Changes to HRC ‘not enough’

10 Mar Changes to HRC ‘not enough’

Chris Merritt — The Australian — 10 March, 2017

 

Changes to the Australian Human Rights Commission that have been recommended by a parliamentary committee would not have prevented students at Queensland University of Technology being falsely accused of ­racial hatred.

This is the assessment of James Paterson, a Liberal member of parliament’s joint committee on human rights, which was unable to agree on how to change the law behind those false accusations — section 18C of the Racial Discrimination Act.

Unless procedural changes at the Human Rights Commission are accompanied by the repeal or substantial reform of this law, Senator Paterson warned that the weight given to free speech would be insufficient to discourage complainants from taking weak cases to court.

His warning comes as federal cabinet will today consider a range of proposals on how to reform this provision.

This law makes it unlawful to cause people to feel offended, insulted, humiliated or intimidated because of their race, colour or ­national or ethnic origin.

Their discussions will take place in the knowledge that former race discrimination commissioner Irene Moss, whose 1991 report on racial violence led to the introduction of 18C, has joined those calling for change. Section 18C was introduced by the Keating government in 1995.

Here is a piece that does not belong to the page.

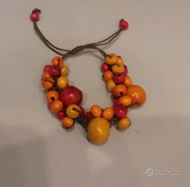 Bracciale realizzato a mano con perline in legno Regolabile con nodo a scorrimento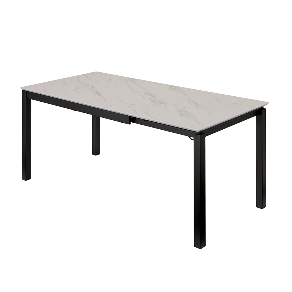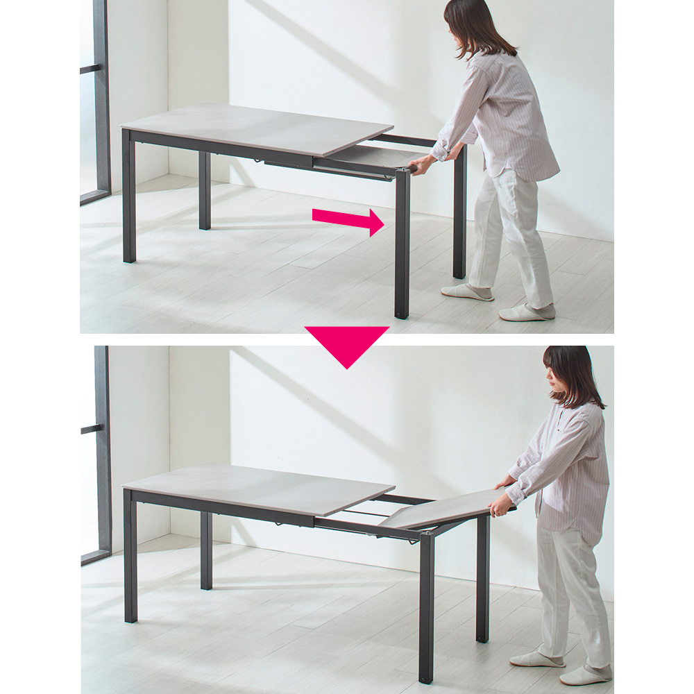 石目調テーブルのおしゃれな雰囲気はそのままに、約50cm伸長する機能をプラス。デザインと実用性を兼ね備えた、狭いダイニングにもぴったりの1台です。奥行もコンパクトな75cmという、キッチンカウンターやアイランドキッチンと並べても設置しやすい仕様。4〜6人向けの、ゆとりのあるサイズです。おしゃれな石目調×伸長式、2つの人気仕様を1台に(ア)グレー系(通常時・幅120cm) ※チェアは別売りの「グレーハイバックチェア」です石目のテーブルのおしゃれさと高級感を、もっと気軽に楽しめるようメラミン天板でデザイン。簡単に大きく広がる伸長式で、来客などシーンに合わせて対応できます。普段は4人掛け。必要なときは、さらにグーンと伸長!(ア)グレー系(伸長時・幅170cm)ダイニングが狭いご家庭では、大きなテーブルは邪魔なもの。普段はコンパクトで場所をとらず、必要なときだけ大きく伸長するテーブルがあれば、食卓を囲む人数に応じて使い分けられて便利です。シーンや人数に合わせて約50cmも伸長できます普段は幅120cm、伸長時は幅170cmになるテーブルは、4〜6人に対応。来客もある3〜4人暮らしのご家庭におすすめのサイズです。補助天板は内蔵式で収納場所いらず置き場所がなくて邪魔になったり、しまい忘れて探したりする心配がありません。伸長は簡単2ステップ。工具不要で女性ひとりでも簡単です伸長作業は(1)片側の脚部を引いてスライドさせ、(2)中にある補助天板を取り出して上にのせ固定するだけ。そのままの位置でラクラク作業できます。伸長作業を簡単にするワザあり機能スライドする側の脚部2本は隠しキャスター仕様で、引き出すのも簡単。取付けた補助天板は、手で回せるボルトでしっかり固定できる安心設計です。天板は汚れに強く、食器を置く音が響きにくいメラミン素材を採用(イ)ホワイト系見た目は石目調でもメラミン素材だから、食器を置くときの硬質な音の響きやコツッという感触、ヒヤッとした冷たさがありません。水や汚れに強く、調味料などをこぼしてもさっと拭き取れてお手入れも簡単。表面がなめらかなので、書き物などもスムーズです。選べる2サイズ×2カラーをご用意上:別売りの幅90cm・130cmタイプ(ア)グレー系(左は通常時・幅90cm、右は伸長時・幅130cm)、下:(イ)ホワイト系(左は通常時・幅120cm、右は伸長時・幅170cm)カラーはシックなグレー系とエレガントなホワイト系の2カラー。どちらも脚部はスチール製のスタイリッシュなデザインです。奥行75cmのコンパクト設計だから、狭さを活かした室内レイアウトも自由自在狭いダイニングでは、テーブルによっては椅子を後ろに引くスペースが足りなくなったり、動線が邪魔されたりすることも。奥行が少し狭め、でも使うのには十分な広さのテーブルなら、これまで置きづらかった向きにも設置できて、スペースを効率よく使えます。カウンター前にも置いてもすっきり素敵で、模様替えが楽しい!写真は別売りの幅90cm・130cmタイプ(イ)ホワイト系奥行スリムだから、見た目もすっきりおしゃれ。椅子を引いても窮屈になりません。置き方も使い方も自由度が高いテーブルで、変化に富んだインテリアを思う存分楽しんでください。

Ms Moss believes it “ignored the inquiry’s warnings that an ­offence which was drafted too broadly could lead to trivial complaints and confusion”.

“An amendment to remove the offences of ‘offend’ and ‘insult’ from 18C while retaining ‘intimidate’ and focusing the section on objective harm would not weaken the effectiveness of the Racial Discrimination Act but strengthen it and enhance its impact,” Ms Moss said this week.

International Development Minister Concetta Fierravanti-Wells has proposed leaving the core of the law unchanged, but introducing a new test for liability that would adopt the perspective of ordinary, reasonable members of the general community.

This would require the gov­ernment to overturn the present arrangement in which judges ­decide these cases by applying the objective standards of those who complain, not the general community.

Media lawyer Mark O’Brien believes this change would be fairer and less restrictive than the current test, but Robert Todd, a partner at Ashurst, warned that Senator Fierravanti-Wells’s scheme would address one problem but introduce more uncertainty over the judicial application of the “reasonable person” test.

He proposed a fault-based system in which the onus was on the claimant to prove the subjective conduct of the respondent.

If cabinet decides against repealing the provision, Senator Paterson outlined a plan that he said would give people confidence in their ability to defend themselves against 18C claims.

“This can be achieved by removing offend, insult and humiliate from 18C and replacing it with harass, ensuring there is a proper, objective reasonable-person test which meets community standards, and adding a defamation-style truth defence,” he said.

Unless the law is overhauled or repealed, he believes the QUT case could still have gone ahead even if his committee’s procedural changes had been implemented.

He believes increased powers allowing, or even compelling, commission president Gillian Triggs to dismiss weak cases would not have helped.

This was because Professor Triggs had said publicly she and the commission believed the QUT case “had a level of ­substance”.

“There’s nothing in the current law, or even the committee’s proposals, to stop an applicant whose case is terminated by the commission from having their day in court,” he said.

“Suggestions that applicants bear some financial risk if proceeding with a terminated case certainly may discourage some,” Senator Paterson said.